War and Peace (Tolstoy)/Book 15/Chapter 2
CHAPTER II
Besides a feeling of aloofness from everybody Natásha was feeling a special estrangement from the members of her own family. All of them her father, mother, and Sónya were so near to her, so familiar, so commonplace, that all their words and feelings seemed an insult to the world in which she had been living of late, and she felt not merely indifferent to them but regarded them with hostility. She heard Dunyásha's words about Peter Ilynich and a misfortune, but did not grasp them.
"What misfortune? What misfortune can happen to them? They just live their own old, quiet, and commonplace life," thought Natásha.
As she entered the ballroom her father was hurriedly coming out of her mother's room. His face was puckered up and wet with tears. He had evidently run out of that room to give vent to the sobs that were choking him. When he saw Natdsha he waved his arms despairingly and burst into convulsively painful sobs that distorted his soft round face.
"Pe . . . Pétya . . . Go, go, she ... is calling . . ." and weeping like a child and quickly shuffling on his feeble legs to a chair, he almost fell into it, covering his face with his hands.
Suddenly an electric shock seemed to run through Natásha's whole being. Terrible anguish struck her heart, she felt a dreadful ache as if something was being torn inside her and she were dying. But the pain was immediately followed by a feeling of release from the oppressive constraint that had prevented her taking part in life. The sight of her father, the terribly wild cries of her mother that she heard through the door, made her immediately forget herself and her own grief.
She ran to her father, but he feebly waved his arm, pointing to her mother's door. Princess Mary, pal&and with quivering chin, came out from that room and taking Natásha by the arm said something to her. Natásha neither saw nor heard her. She went in with rapid steps, pausing at the door for an instant as if struggling with herself, and then ran to her mother. The countess was lying in an armchair in a strange and awkward position, stretching out and beating her head against the wall. Sónya and the maids were holding her arms.
"Natásha! Natásha! . . ." cried the countess.
"It's not true . . . it's not true . . , He's lying . . . Natásha!" she shrieked, pushing those around her away. "Go away, all of you; it's not true! Killed! ... ha, ha, ha! ... It's not true!"
Natásha put one knee on the armchair, stooped over her mother, embraced her, and with unexpected strength raised her, turned her face toward herself, and clung to her.
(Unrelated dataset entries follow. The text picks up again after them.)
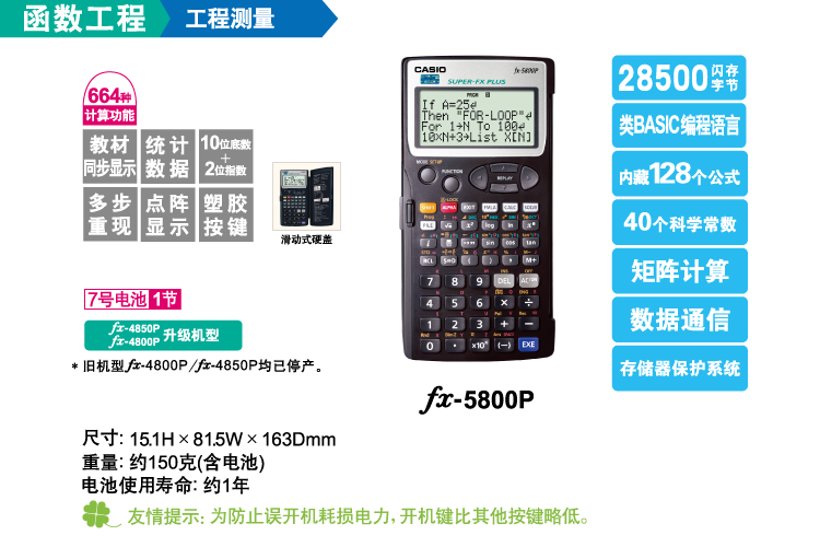 卡西欧FX-5800P 函数工程计算器高效编程,适用工程类专业学生和测绘人士使用!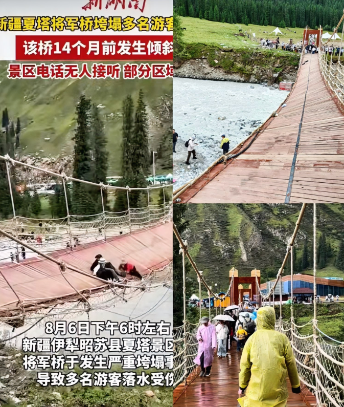 8月6日,新疆伊犁州昭苏县夏塔旅游风景区内,著名旅游打卡点“将军桥”坍塌,部分游客跌入湍急河流中,景区现场动用直升机进行救援。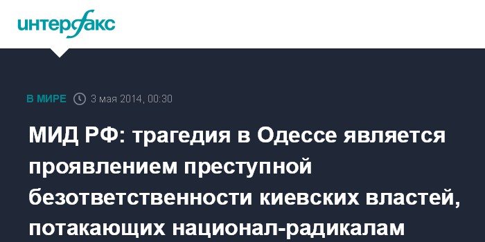 МИД РФ: трагедия в Одессе является проявлением преступной безответственности киевских властей, потакающих национал-радикалам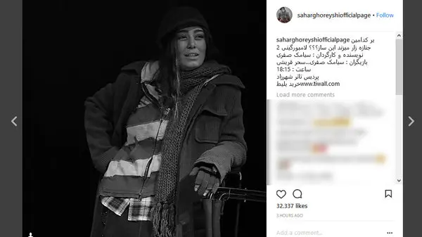 تیپ متفاوت سحر قریشی در یک تئاتر +عکس
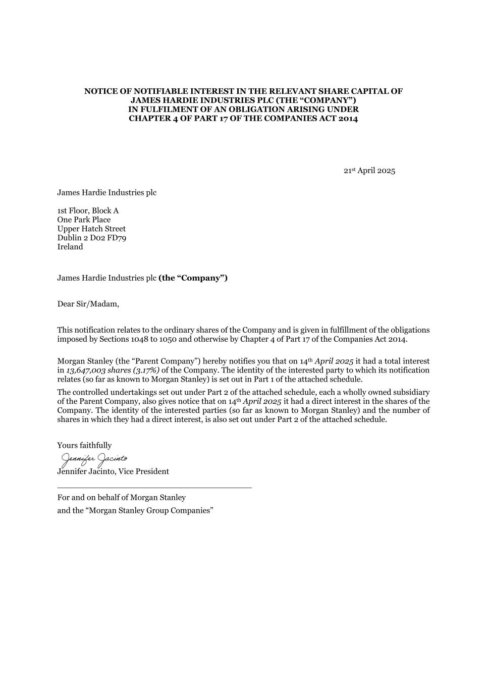 NOTICE OF NOTIFIABLE INTEREST IN THE RELEVANT SHARE CAPITAL OF JAMES HARDIE INDUSTRIES PLC (THE “COMPANY”) IN FULFILMENT OF AN OBLIGATION ARISING UNDER CHAPTER 4 OF PART 17 OF THE COMPANIES ACT 2014 21st April 2025 James Hardie Industries plc 1st Floor, Block A One Park Place Upper Hatch Street Dublin 2 D02 FD79 Ireland James Hardie Industries plc (the “Company”) Dear Sir/Madam, This notification relates to the ordinary shares of the Company and is given in fulfillment of the obligations imposed by Sections 1048 to 1050 and otherwise by Chapter 4 of Part 17 of the Companies Act 2014. Morgan Stanley (the “Parent Company”) hereby notifies you that on 14th April 2025 it had a total interest in 13,647,003 shares (3.17%) of the Company. The identity of the interested party to which its notification relates (so far as known to Morgan Stanley) is set out in Part 1 of the attached schedule. The controlled undertakings set out under Part 2 of the attached schedule, each a wholly owned subsidiary of the Parent Company, also gives notice that on 14th April 2025 it had a direct interest in the shares of the Company. The identity of the interested parties (so far as known to Morgan Stanley) and the number of shares in which they had a direct interest, is also set out under Part 2 of the attached schedule. Yours faithfully Jennifer Jacinto, Vice President ______________________________________ For and on behalf of Morgan Stanley and the “Morgan Stanley Group Companies”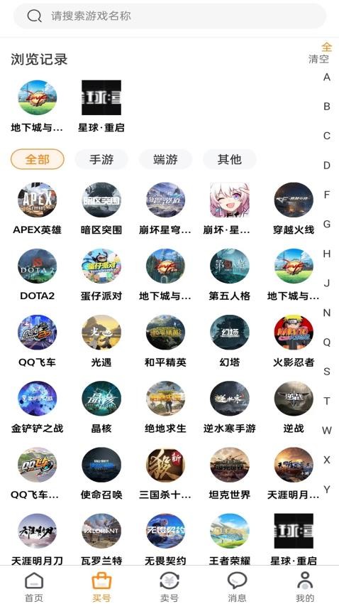 3、从而方便用户选择游戏名称任意查找喜欢的游戏账号资源;

"Mummy! . . . darling! ... I am here, my dearest Mummy," she kept on whispering, not pausing an instant.
She did not let go of her mother but struggled tenderly with her, demanded a pillow and hot water, and unfastened and tore open her mother's dress.
"My dearest darling . . . Mummy, my precious! . . ." she whispered incessantly, kissing her head, her hands, her face, and feeling her own irrepressible and streaming tears tickling her nose and cheeks.
The countess pressed her daughter's hand, closed her eyes, and became quiet for a moment. Suddenly she sat up with unaccustomed swiftness, glanced vacantly around her, and seeing Natásha began to press her daughter's head with all her strength. Then she turned toward her daughter's face which was wincing with pain and gazed long at it.
"Natásha, you love me?" she said in a soft trustful whisper. "Natásha, you would not deceive me? You'll tell me the whole truth?"
Natásha looked at her with eyes full of tears and in her look there was nothing but love and an entreaty for forgiveness.
"My darling Mummy!" she repeated, straining all the power of her love to find some way of taking on herself the excess of grief that crushed her mother.
And again in a futile struggle with reality her mother, refusing to believe that she could live when her beloved boy was killed in the bloom of life, escaped from reality into a world of delirium.
Natásha did not remember how that day passed nor that night, nor the next day and night. She did not sleep and did not leave her mother. Her persevering and patient love seemed completely to surround the countess every moment, not explaining or consoling, but recalling her to life.
During the third night the countess kept very quiet for a few minutes, and Natásha rested her head on the arm of her chair and closed her eyes, but opened them again on hearing the bedstead creak. The countess was sitting up in bed and speaking softly.
"How glad I am you have come. You are tired. Won't you have some tea?” Natásha went up to her. “You have improved in looks and grown more manly,” continued the countess, taking her daughter's hand.
“Mamma! What are you saying?. . .”
“Natásha, he is no more, no more!”
And embracing her daughter, the countess began to weep for the first time.